Write out again only the lines between the one with "Картина по номерам, 100" and the end of the records below, both ends counted, and don't include the pictures.

- [DATASET]:
--- START ---
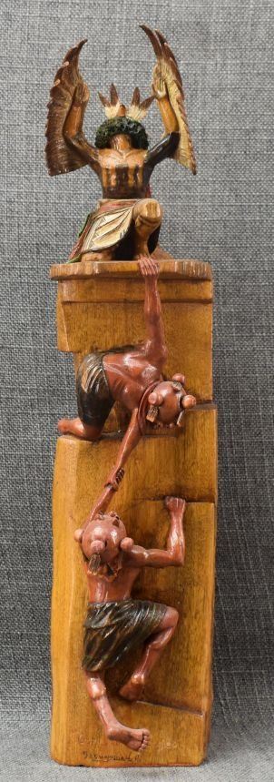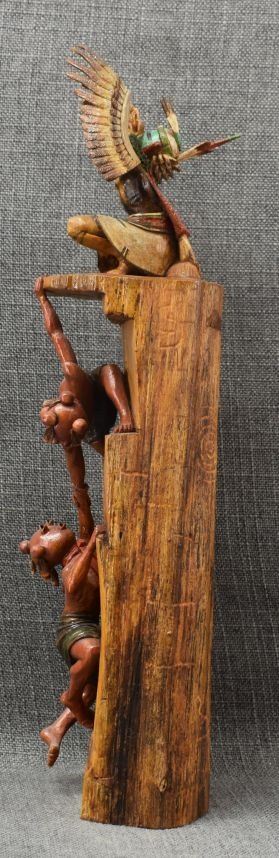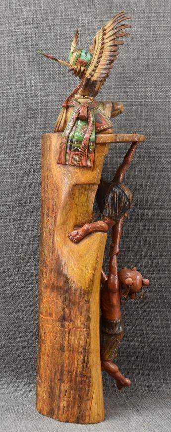 1990-2000's Hopi, carved and painted cottonwood titled "Gathering of Eagles" by Lomahquahu 17.25" tall
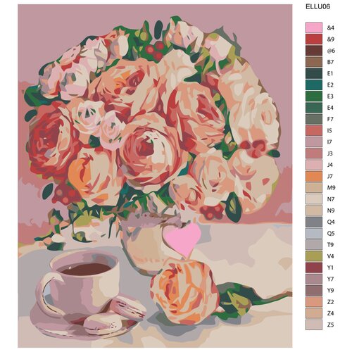 Картина по номерам, 100 x 125, ELLU06, цветы, ваза, букет, чашка, стол, Живопись по номерам, набор для раскрашивания, раскраска
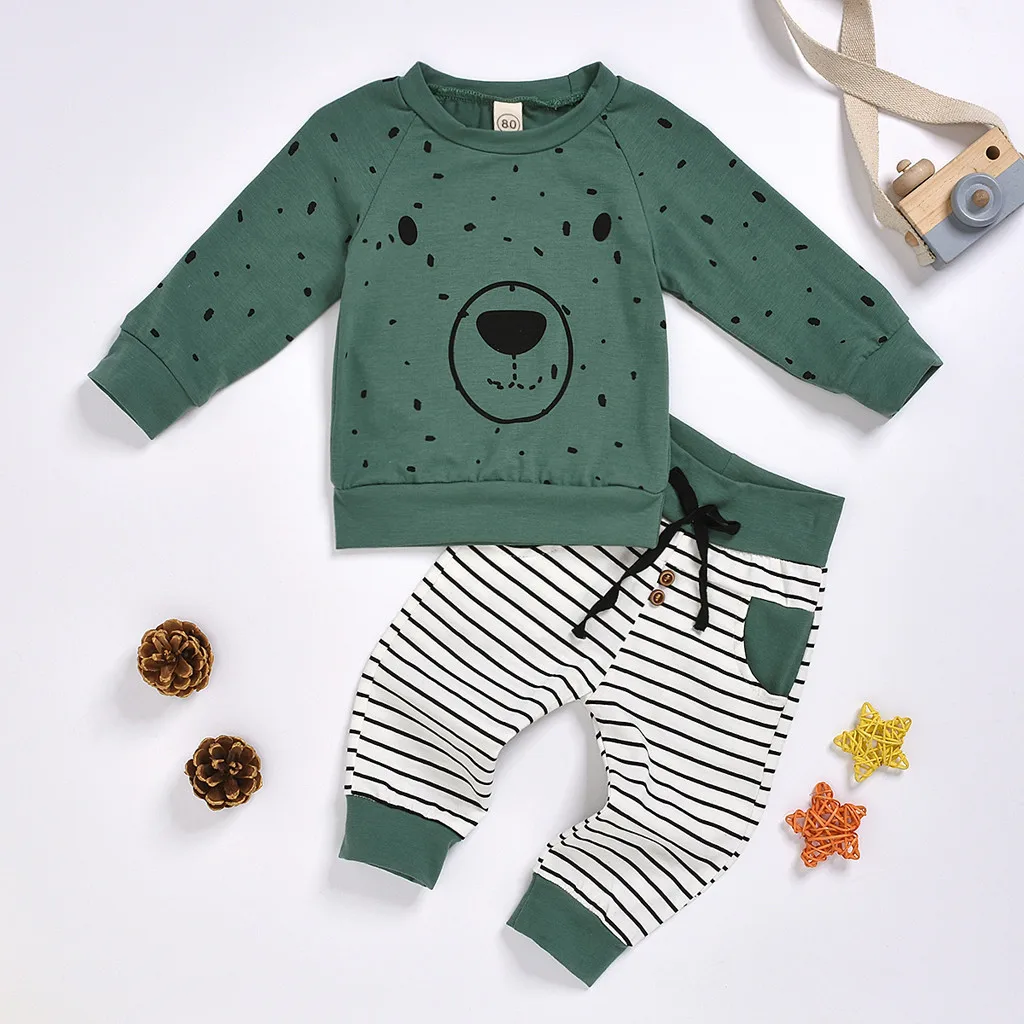 Толстовка с капюшоном для маленьких мальчиков; Толстовка с рисунком медведя; Топ + штаны; Комплект одежды
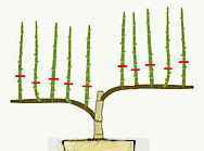 冬の剪定は、各節から上に誘引した新梢を 2節残し3節目の下でカットします。
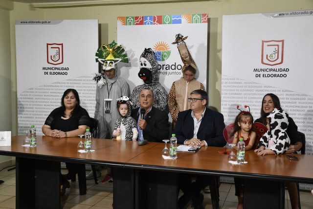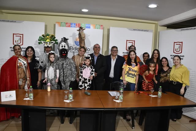 El intendente Rodrigo Durán, junto a los representantes de las comparsas eldoradenses, el Director de Cultura Fausto Rizzani, la Directora de Turismo, Luciana Quiroz y la Directora de Cultura de Puerto Piray, Vilma Román, realizaron el lanzamiento de los Carnavales Regionales 2025.
--- END ---
- [ANSWER BOX]:
 Картина по номерам, 100 x 125, ELLU06, цветы, ваза, букет, чашка, стол, Живопись по номерам, набор для раскрашивания, раскраска
 Толстовка с капюшоном для маленьких мальчиков; Толстовка с рисунком медведя; Топ + штаны; Комплект одежды
 冬の剪定は、各節から上に誘引した新梢を 2節残し3節目の下でカットします。
 El intendente Rodrigo Durán, junto a los representantes de las comparsas eldoradenses, el Director de Cultura Fausto Rizzani, la Directora de Turismo, Luciana Quiroz y la Directora de Cultura de Puerto Piray, Vilma Román, realizaron el lanzamiento de los Carnavales Regionales 2025.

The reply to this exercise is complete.